Toronto Metropolitan Students' Union
- Institution: Toronto Metropolitan University
- Location: Toronto, Ontario, Canada
- Established: June 27, 1967
- President: vacant
- Vice presidents: Education: vacant Equity: vacant Operations: vacant Student Life & Events: vacant
- Members: 45,000+
- Website: yourtmsu.ca

= Toronto Metropolitan Students' Union =

Students' union at Toronto Metropolitan University

The Toronto Metropolitan Students' Union (TMSU; formerly known as the Ryerson Students' Union or RSU) is the current students' union that represents full-time undergraduate students at Toronto Metropolitan University, (known until 2022 as Ryerson University). All full-time students are required to be members and pay a levy. The money is used to fund student groups, events for students and campaigning.

==Board==
The board of directors set the direction and the executive manage the day-to-day operations of the corporation. Students elect two to five members from each faculty, depending on the size of the faculty, to the board, in addition to having ex-officio student representatives from the university's senate, student groups, course unions and residence.

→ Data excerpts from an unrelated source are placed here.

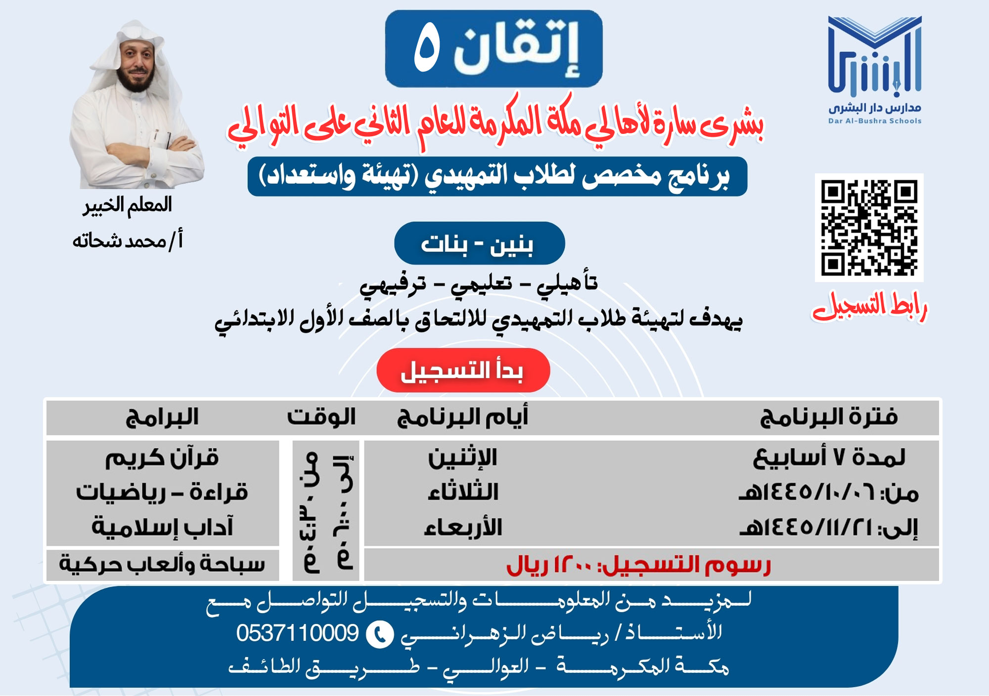 للعام الثاني على التوالي تعلن مدرسة دار البشرى الابتدائية الأهلية بالعوالي عن بدء التسجيل في برنامج إتقان في مرحلته الخامسة والمخصص لطلاب التمهيدي للالتحاق بالصف…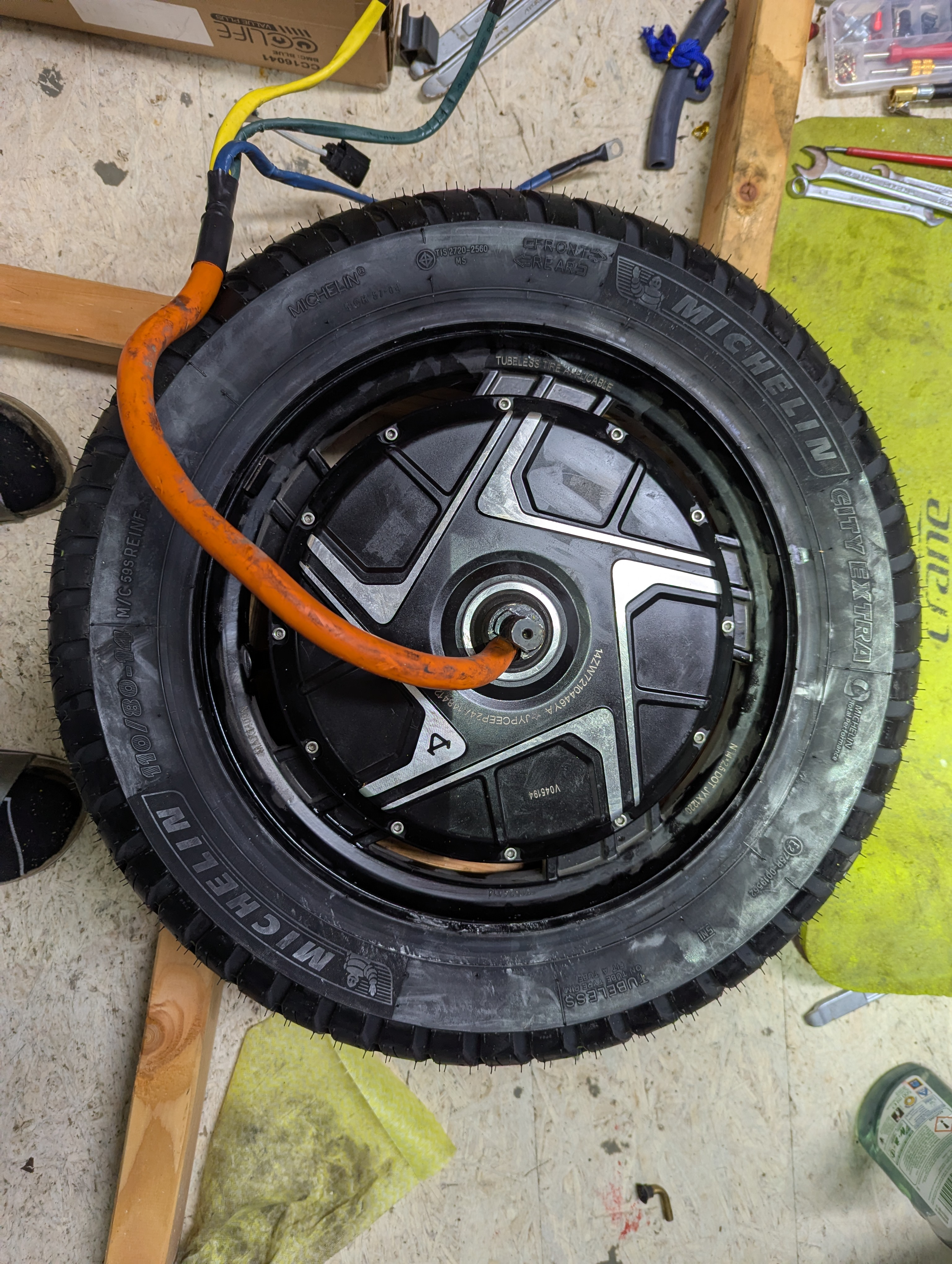Vor dem Zusammenbau vielleicht die neu bereiften Räder mit dem Gartenschlauch abspritzen, um das überflüssige Spülmittel los zu werden, und alles, was an Fett oder Dreck auf die Bremsscheiben gekommen ist, mit etwas Bremsenreiniger abwischen.
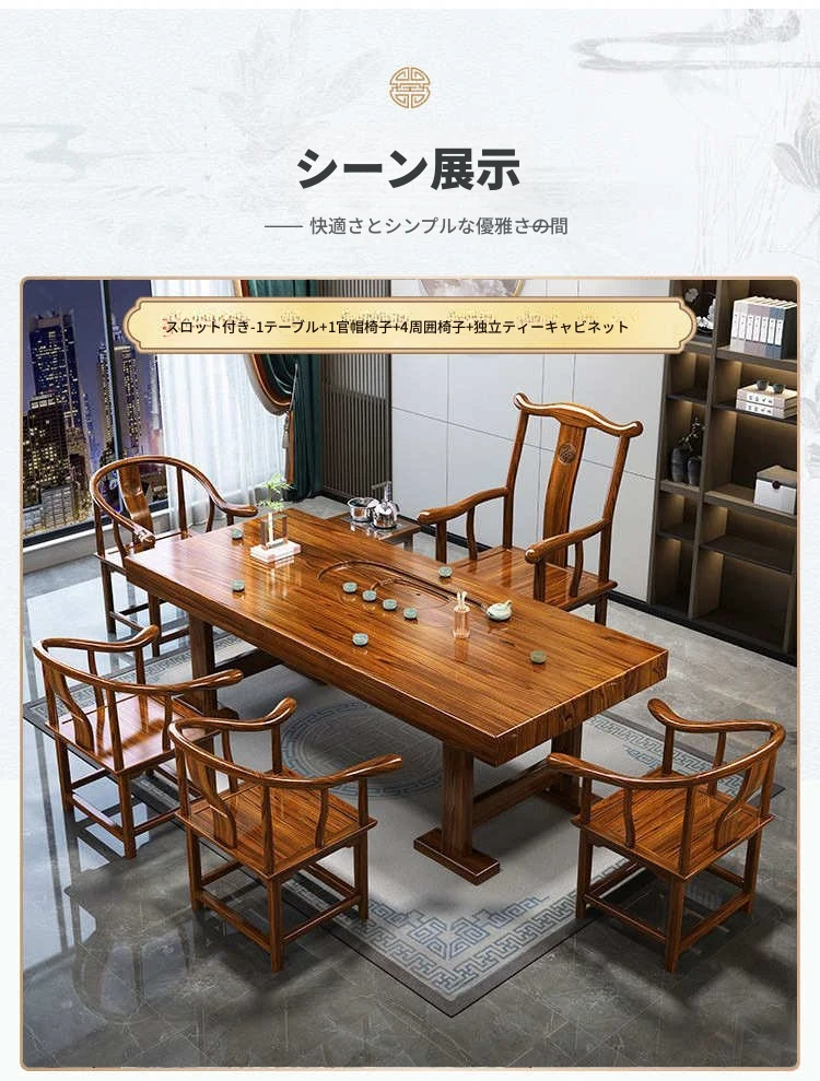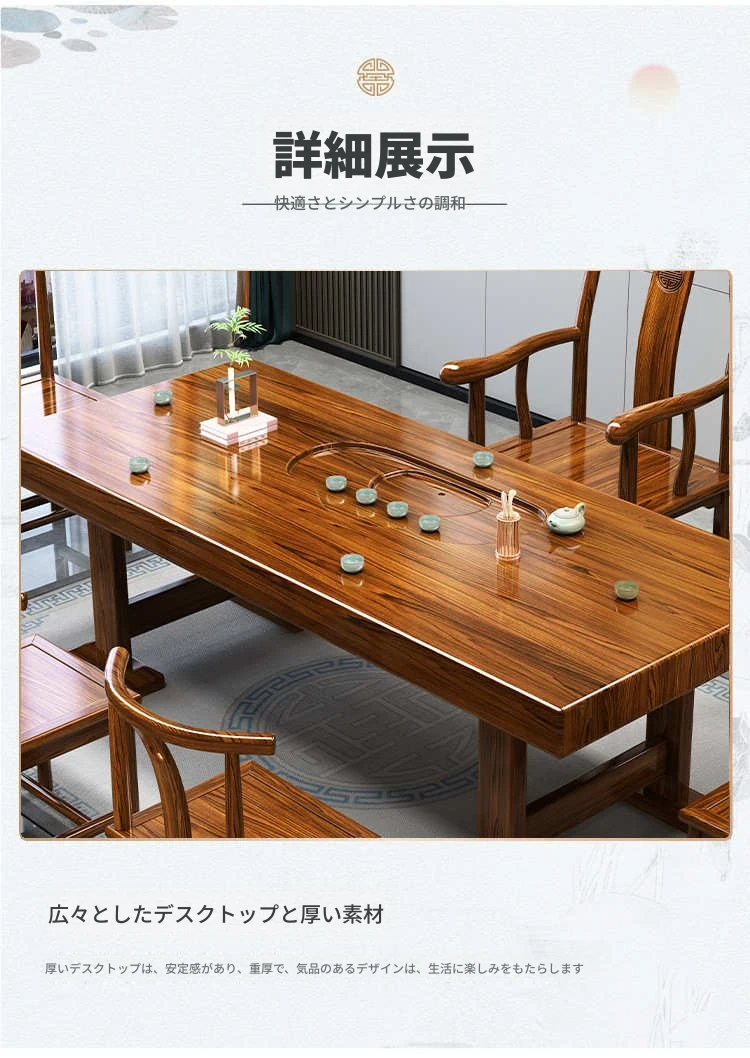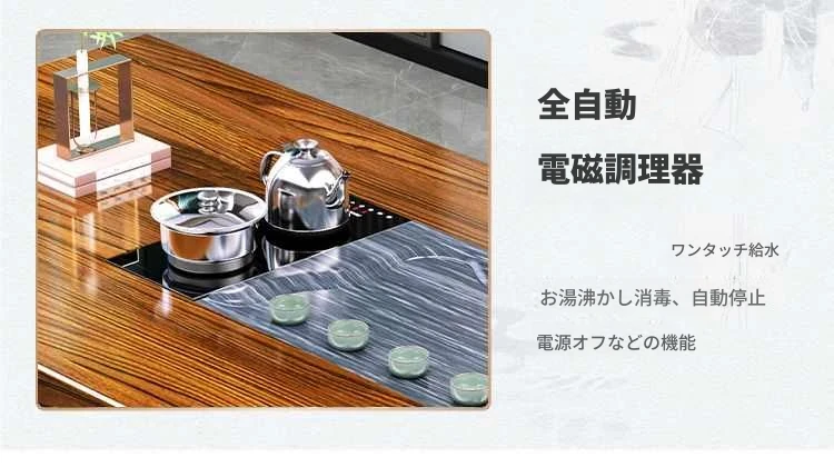 全木製中式茶卓セット - リラックスした雰囲気で楽しむ!おしゃれなリビングやオフィスにぴったりの茶器一体型。美しいデザインと機能性を兼ね備え、心地よいティータイムをお届けします。

==Equity Service Centres==
The TMSU has eight Equity Service Centres: The Centre for Women & Trans People, The Good Food Centre, BIPOC Students' Collective, Access TMU, The Queer Space, Centre for Safer Sex & Sexual Violence Support, SHIFT Centre and the Trans Collective. These centres serve as a space for students from different marginalized backgrounds to come together and organize equity and social justice initiatives, events, and campaigns.

In 2010, the board of directors voted to change the name from "Community Service Groups" to "Equity Service Centres".

==Controversy==
The RSU has been extensively criticized for its equity centre policies and for banning a men's issues student group on campus. In 2015, former RSU vice-president education Jesse Root was accused of deleting emails in violation of Ontario's privacy laws.
==Ram Ganesh misuse of funds controversy==
On January 24, 2019, photos of credit card statements belonging to RSU President Ramganesh Ragupathy (Ram Ganesh) were obtained and published on Facebook by university political group Rhinoceros Party. The statements alleged frivolous spending by Ganesh of over $250,000, including transactions for alcohol, a casino, various bars and nightclubs, hotel rooms, and at a sporting goods store.

In response to ongoing turmoil at the union involving both the above scandal and an inability to renegotiate a new operating agreement, Toronto Metropolitan University terminated its 1986 operating agreement with the union and declared that it would no longer recognize the union as the official student government for full-time undergraduate and graduate students on campus. The courts ordered an injunction preventing the university from severing the agreement.